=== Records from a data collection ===
——

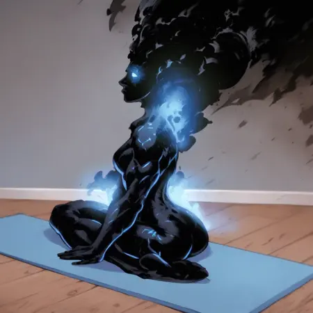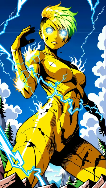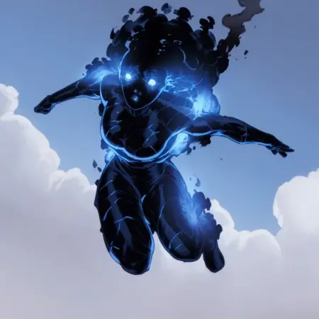 触发词:soce, woman, 黑色木炭色皮肤,黑色烟雾般头发,发光的亮蓝色实心眼睛,皮肤上的亮蓝色裂纹,
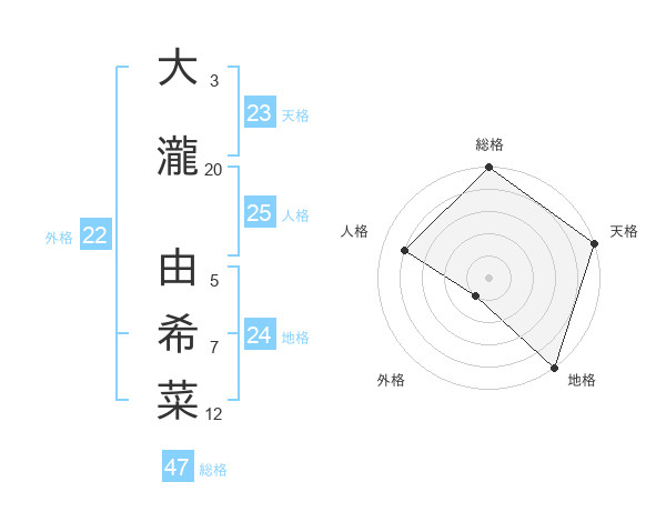 大瀧 由希菜さんを姓名の画数から五運を鑑定
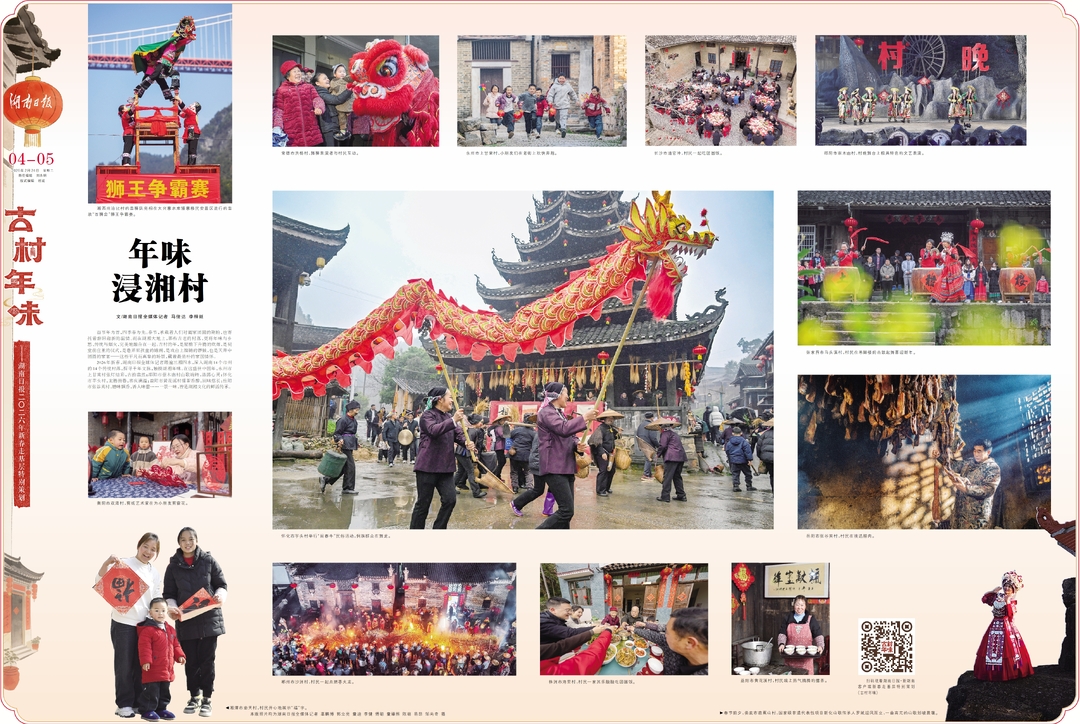 2026年新春,湖南日报全媒体记者踏遍三湘四水,深入湖南14个市州的14个传统村落,探寻千年文脉,触摸湖湘年味。在这盛世中国年,永州市上甘棠村张灯结彩,古韵盎然;邵阳市崇木凼村山歌婉转,涤荡心灵;怀化市芋头村,龙腾街巷,喜庆满溢;益阳市黄花溪村擂茶香醇,回味悠长;岳阳市张谷英村,腊味飘香,诱人味蕾……一景一味,皆是湖湘文化的鲜活传承。
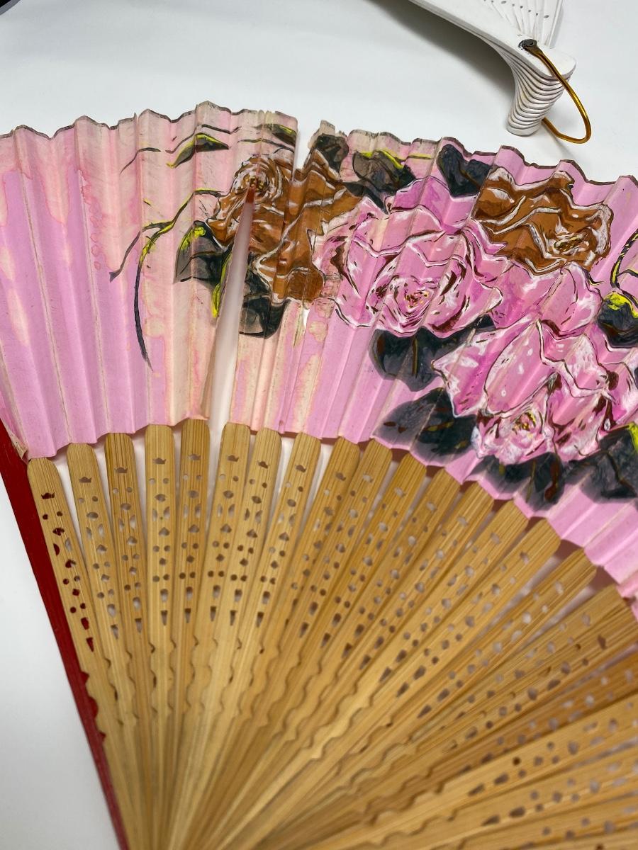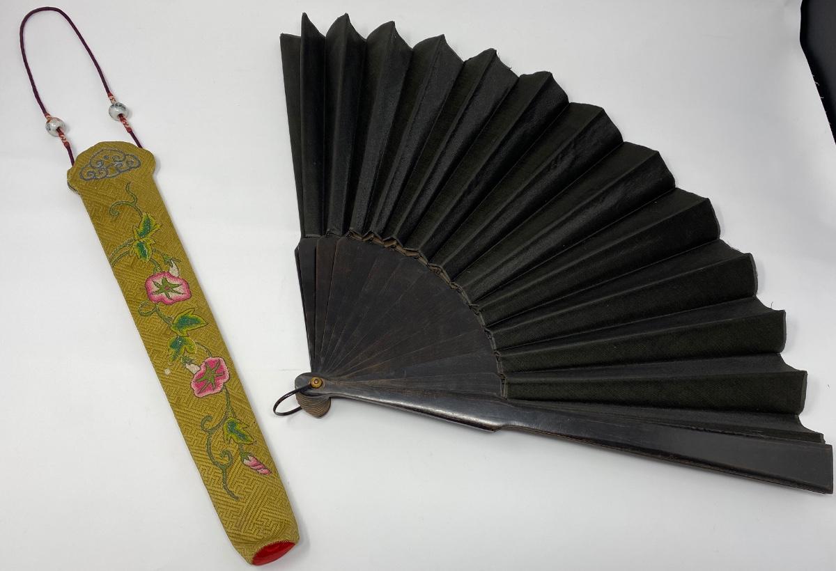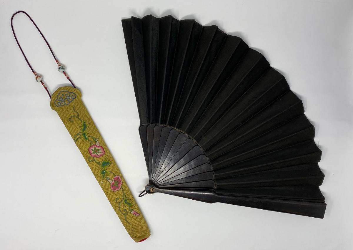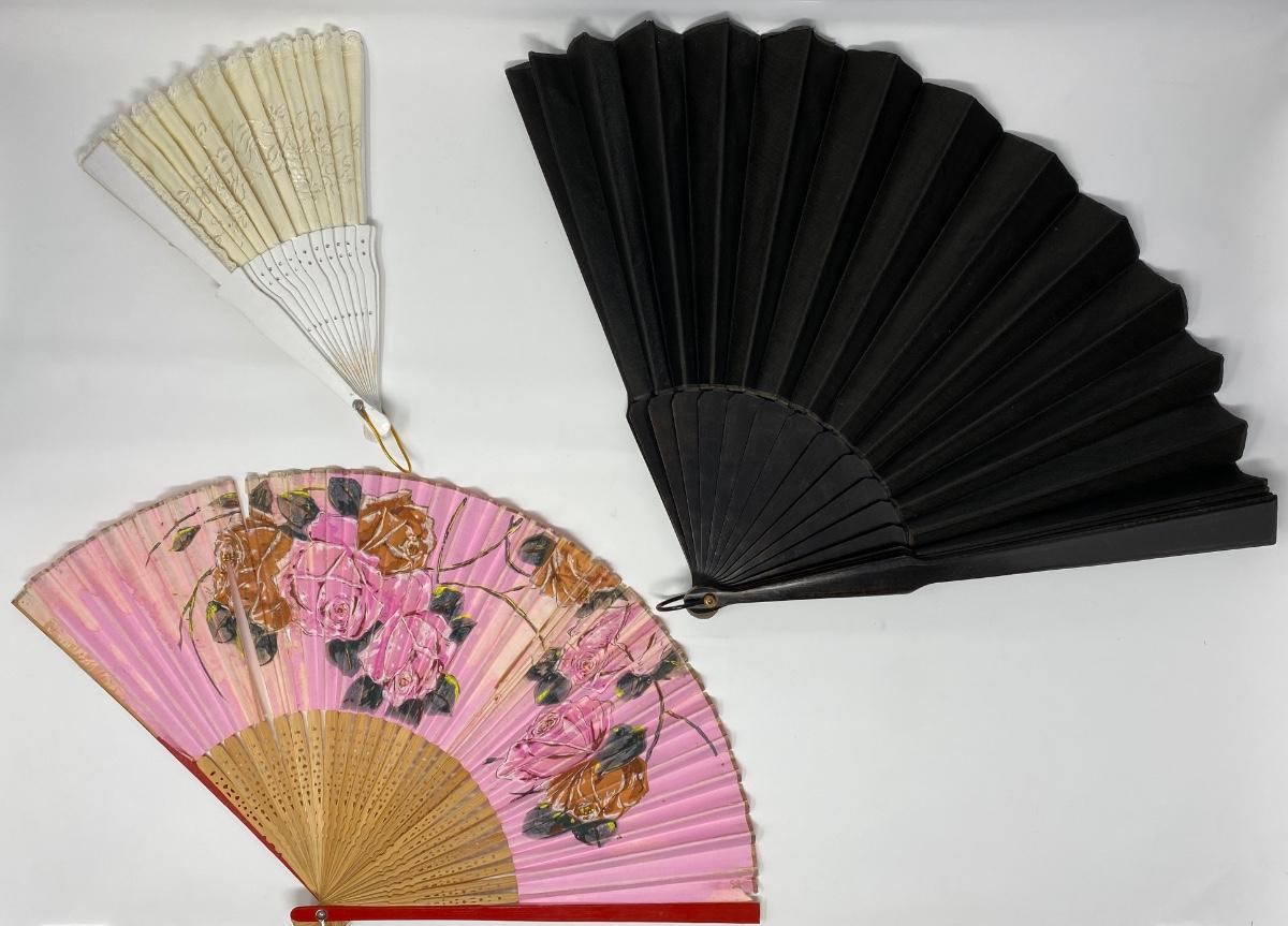 Two Vintage HandHeld Fans and One Large Black Leather Antique Handheld Fan
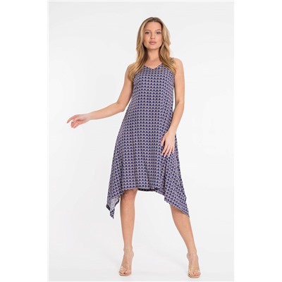 Платье из штапеля с набивным рисунком. Вырез горловины V-образный, низ платья разноуровневый - боковые стороны длиннее.
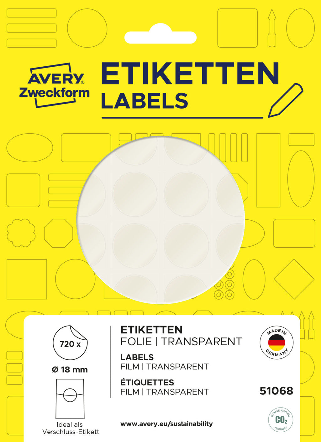 Etikete transparentne okrogle za pečatenje Avery Zweckform 51068, fi 18 mm
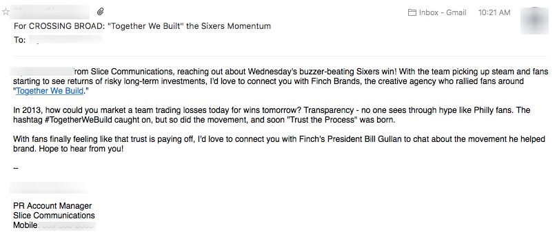 [Redacted] from Slice Communications, reaching out about Wednesday’s buzzer-beating Sixers win! With the team picking up steam and fans starting to see returns of risky long-term investments, I’d love to connect you with Finch Brands, the creative agency who rallied fans around “Together We Build.”
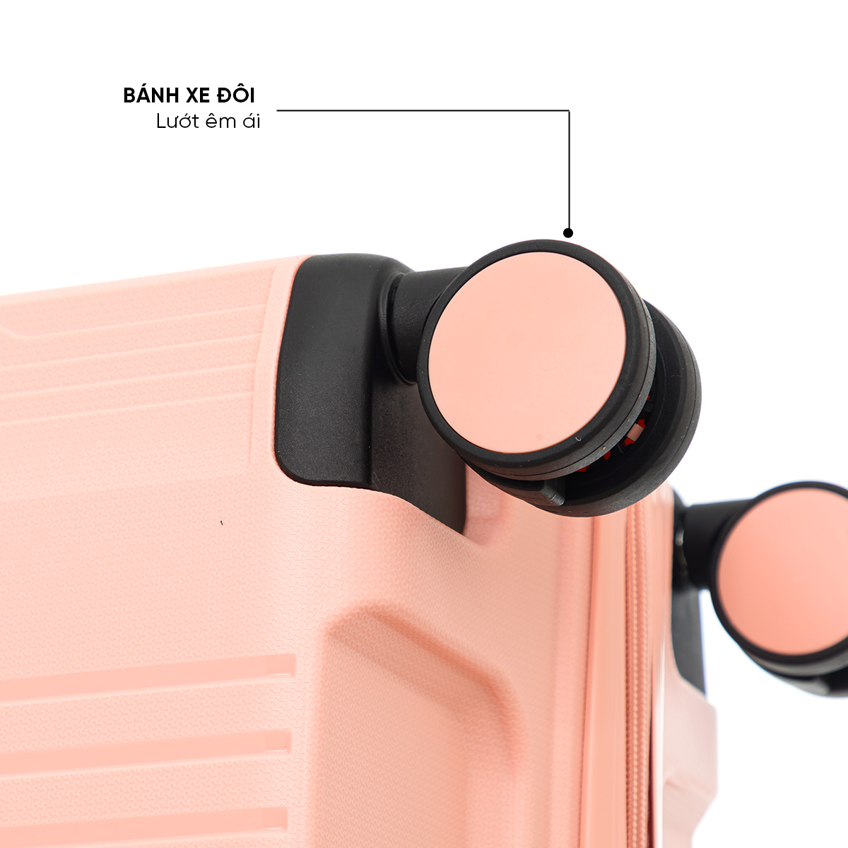 Hệ thống bánh xe đôi xoay 360 độ giúp vali di chuyển mượt mà trên nhiều bề mặt, giảm tiếng ồn và hạn chế ma sát tối đa.
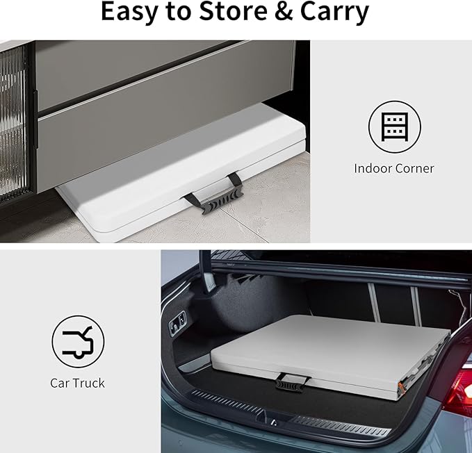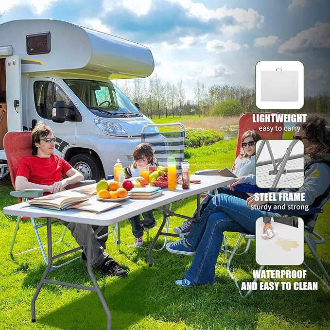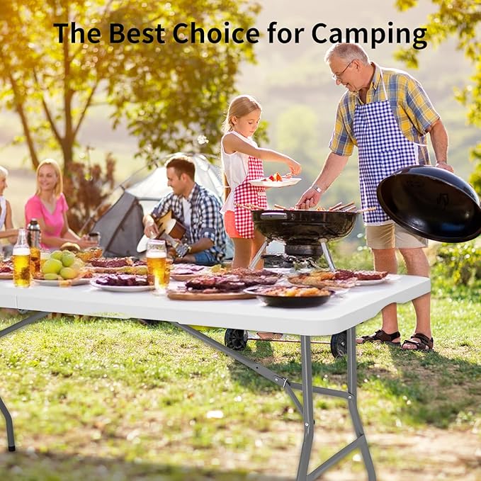 - Durable Structure: The heavy-duty folding table features an innovative locking mechanism that ensures exceptional stability when unfolded, while its smart folding design securely snaps the legs into dedicated slots on the opposite panel's backside, keeping the table perfectly compact and preventing accidental opening when folded. It is also a perfect gift for your family or friend

——

Write the data out again exactly, but without its images.

 触发词:soce, woman, 黑色木炭色皮肤,黑色烟雾般头发,发光的亮蓝色实心眼睛,皮肤上的亮蓝色裂纹,
 大瀧 由希菜さんを姓名の画数から五運を鑑定
 2026年新春,湖南日报全媒体记者踏遍三湘四水,深入湖南14个市州的14个传统村落,探寻千年文脉,触摸湖湘年味。在这盛世中国年,永州市上甘棠村张灯结彩,古韵盎然;邵阳市崇木凼村山歌婉转,涤荡心灵;怀化市芋头村,龙腾街巷,喜庆满溢;益阳市黄花溪村擂茶香醇,回味悠长;岳阳市张谷英村,腊味飘香,诱人味蕾……一景一味,皆是湖湘文化的鲜活传承。
 Two Vintage HandHeld Fans and One Large Black Leather Antique Handheld Fan
 Платье из штапеля с набивным рисунком. Вырез горловины V-образный, низ платья разноуровневый - боковые стороны длиннее.
 Etikete transparentne okrogle za pečatenje Avery Zweckform 51068, fi 18 mm
 [Redacted] from Slice Communications, reaching out about Wednesday’s buzzer-beating Sixers win! With the team picking up steam and fans starting to see returns of risky long-term investments, I’d love to connect you with Finch Brands, the creative agency who rallied fans around “Together We Build.”
 Hệ thống bánh xe đôi xoay 360 độ giúp vali di chuyển mượt mà trên nhiều bề mặt, giảm tiếng ồn và hạn chế ma sát tối đa.
 - Durable Structure: The heavy-duty folding table features an innovative locking mechanism that ensures exceptional stability when unfolded, while its smart folding design securely snaps the legs into dedicated slots on the opposite panel's backside, keeping the table perfectly compact and preventing accidental opening when folded. It is also a perfect gift for your family or friend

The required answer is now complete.